So this season of “Legends” is kind of the Back to the Future III season? I mean, they’re not stuck in the Old West, but they’re stuck in the 1920s, and they’re becoming bank robbers, so the action set pieces are all somewhat familiar—not sure if targeting “Legends of Tomorrow” fans who also love Thieves Like Us is a broad enough demographic, but it works for me. And there’s also room for some excellent character development.
Plus, the two cliffhangers are absolutely fantastic and promise at least one spectacular timey-wimey knot to untangle. While the other one has all sorts of character potential. It’s a very good season setup from a somewhat low-key, artificially subdued beginning. The team is still in Texas, having shed both Matt Ryan and Dominic Purcell from the cast, and find themselves time travelers without a time machine. Worse, the locals noticed their giant battle against the space aliens and are asking questions.
Luckily, Jes Macallan comes up with a solution for the latter, but it only works as long as someone on the team doesn’t screw it up. So, of course, someone screws it up, putting Lisseth Chavez’s mom in danger. The mom, played by Alexandra Castillo, isn’t in the episode to start (they sent her away somewhere undefined so she’d miss the alien battle). When she gets back, she becomes den mother to Olivia Swann, who’s feeling lacking as the team’s magician. So Swann’s trying to impress, and it’s not a good idea to mess with magic.
Most of the character work is for Swann and Chavez, who aren’t the best actors on the show, but their friendship is the most genuine. Because everyone on “Legends” is now basically paired off—Macallan and Caity Lotz are now married and stranded in time, no honeymoon in sight; Shayan Sobhian is trying to be a good brother to Tala Ashe as she works through her breakup with Ryan. Then Nick Zano and Adam Tsekhman become the utility men, filling in whenever a scene needs a third. Zano’s got quite a bit to do—and gets one of the two big cliffhangers—but he doesn’t have any subplots brewing, just A-plot stuff.

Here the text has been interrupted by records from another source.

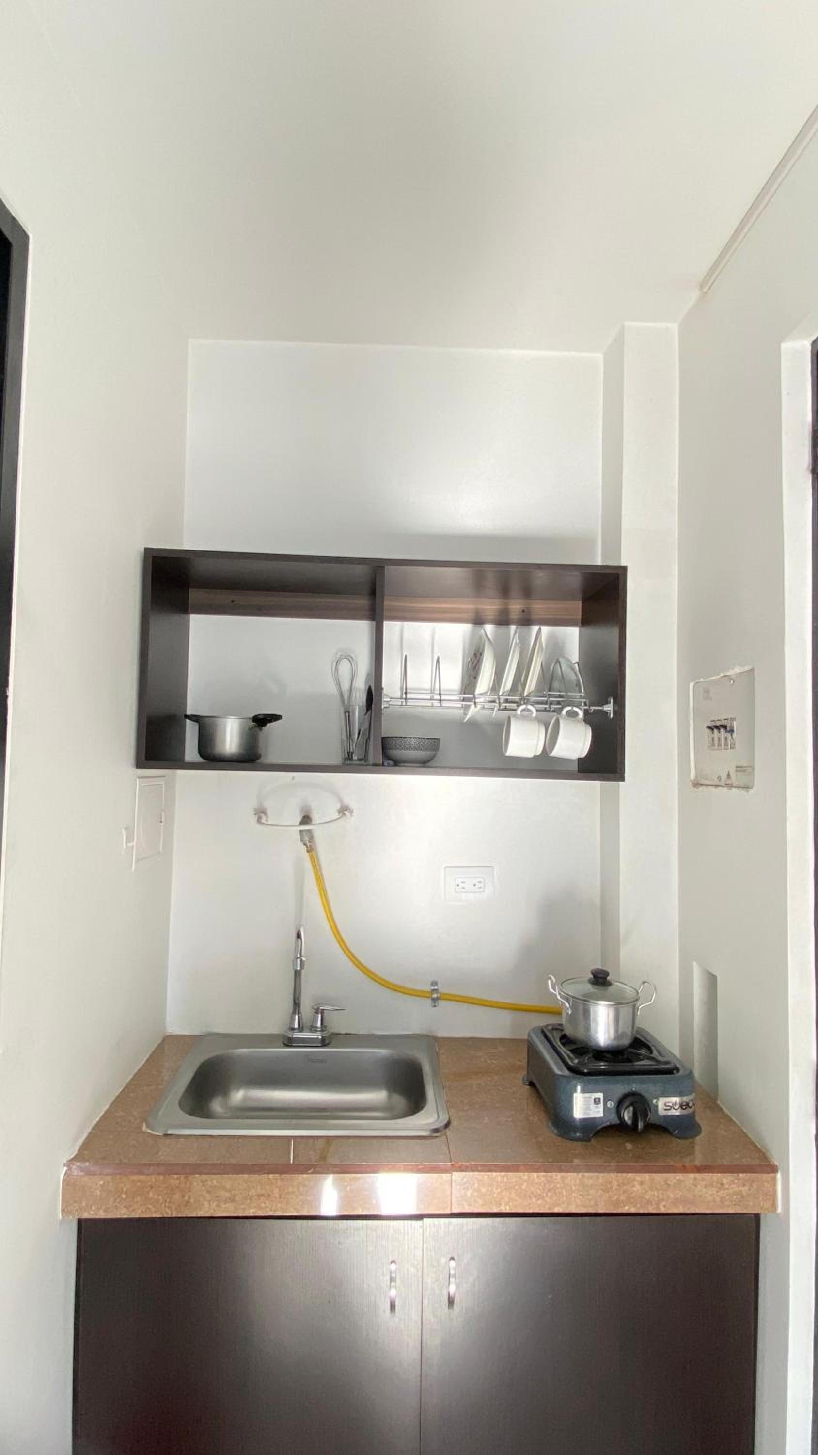 Bonito, iluminado, muy bien ubicado. Aseado. Tiene una cocina pequeñita, con lo básico.
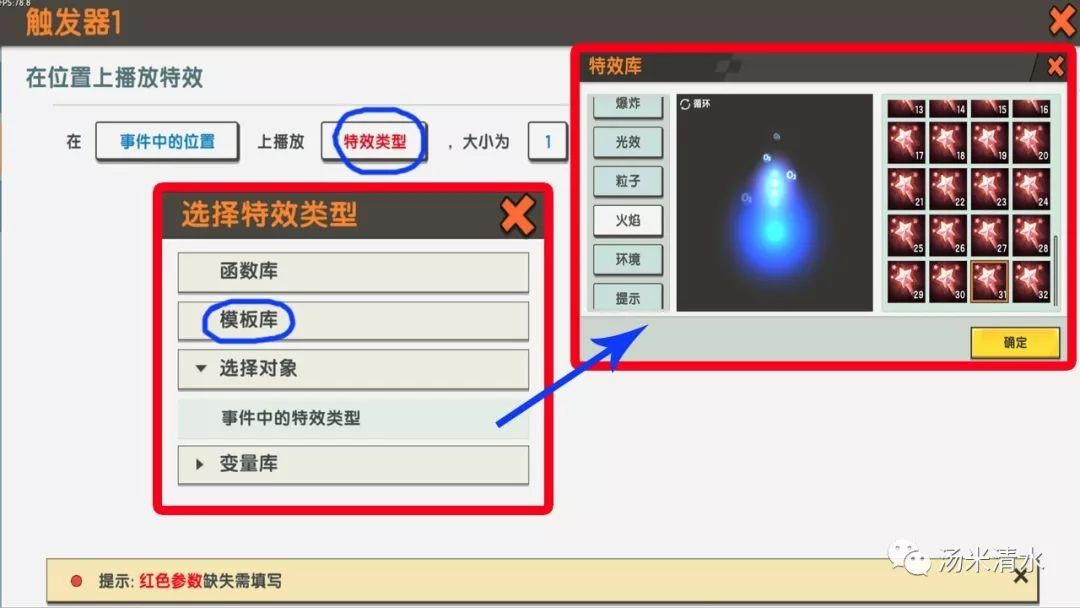 再点击“事件中的位置上播放特效类型,大小为1“这一行进行编辑,点击红色字样的特效类型→模板库,在特效库中选择你想要的特效后确定回→返回→转换玩法地图。
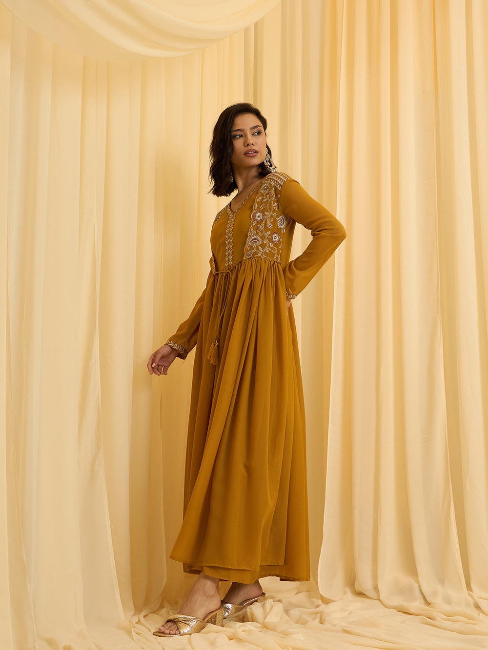 This elegant mustard yellow Anarkali suit is the perfect combination of modern design and traditional charm. The delicate embroidery around the neckline and waist creates a beautiful contrast with the flowing, pleated skirt. The tassel details and the relaxed silhouette make it ideal for weddings, festivals, or any celebration where you want to shine. The Anarkali cut ensures comfort while maintaining an effortlessly graceful look.
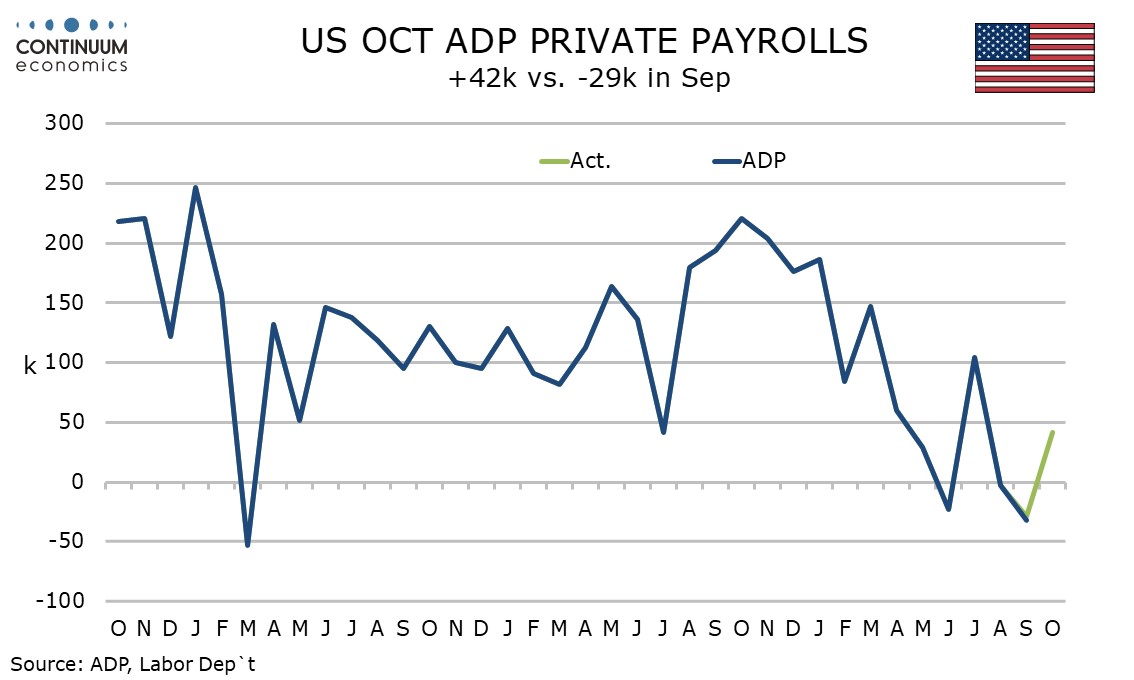 The latest weekly ADP employment report, showing an average job loss per week of 11,250 in the 4 weeks to October 25, is a significant contrast to the average increase of 14,250k seen in the 4 weeks to October 11.
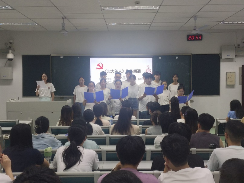 最后,第一大组全体成员带来集体朗诵《北大荒人》,同学们声音洪亮,热情饱满,赢得了支部成员们的掌声。
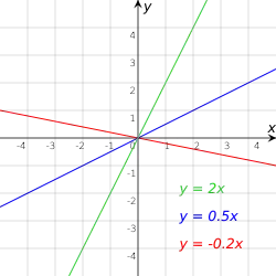 mit der Steigung . In dieser Form kann eine Ursprungsgerade allerdings nicht senkrecht zur x-Achse verlaufen.
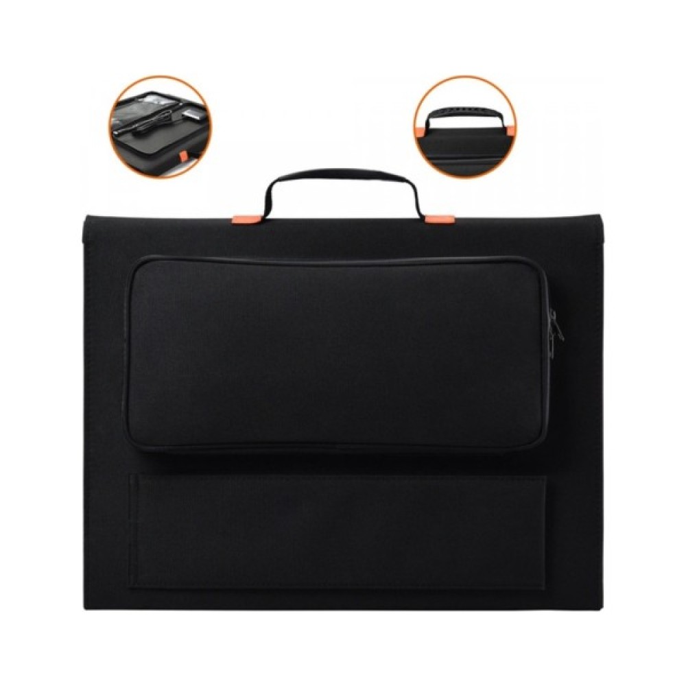 Компактний розмір сонячної панелі дозволяє зручно перевозити її у транспорті та зберігати у невеликих приміщеннях. Гумова ручка допоможе легко перенести її на вулицю у разі несподіваного відключення електроенергії.
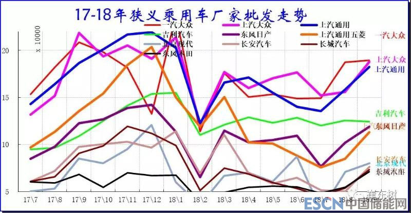 乘用車主力廠家成為三大陣營(yíng),前三甲在18萬左右,中間在12萬水平,后面的在月銷7萬臺(tái)左右。
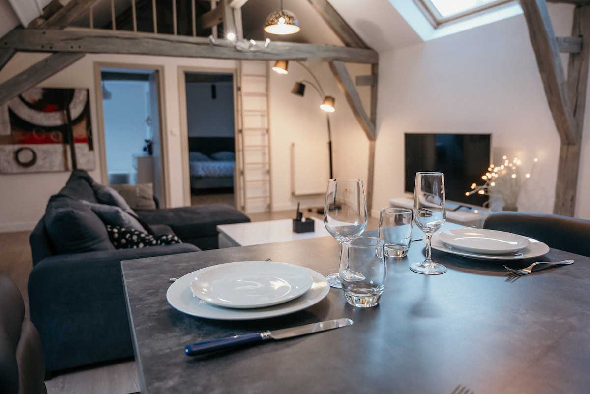 The "La Halte Ducale #2" studio is a beautiful studio in the heart of Charleville-Mézières, just 200 m and 3 minutes from Place Ducale! Located at the back of the courtyard, this peaceful retreat offers a unique experience combining authentic charm and modern comfort. Our accommodation, completely renovated, stands out for its authentic character and exceptional brightness. Every detail is carefully crafted to offer a pleasant and soothing living environment.
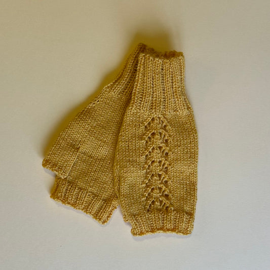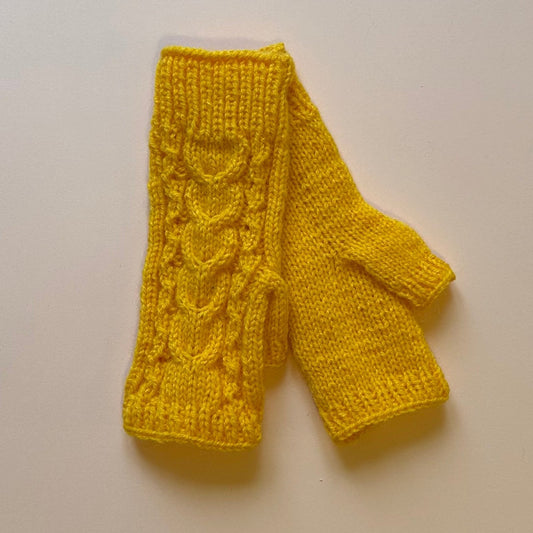 Rokām adīti dzeltenzaļi pirkstaiņi ar rombiņu rakstu plaukstas virspusē (INVA 47)

Ditto Tsekhman, who mostly just punctuates punchlines.
Good direction from Kevin Mock and a decent script (James Eagan and Ray Utarnachitt get the credit).
The episode drags a little in the first fifteen minutes, but it sets up the season well. Plus, Castillo’s really good when doing the den mother stuff, and she elevates her costars, making the extraordinary reasonable.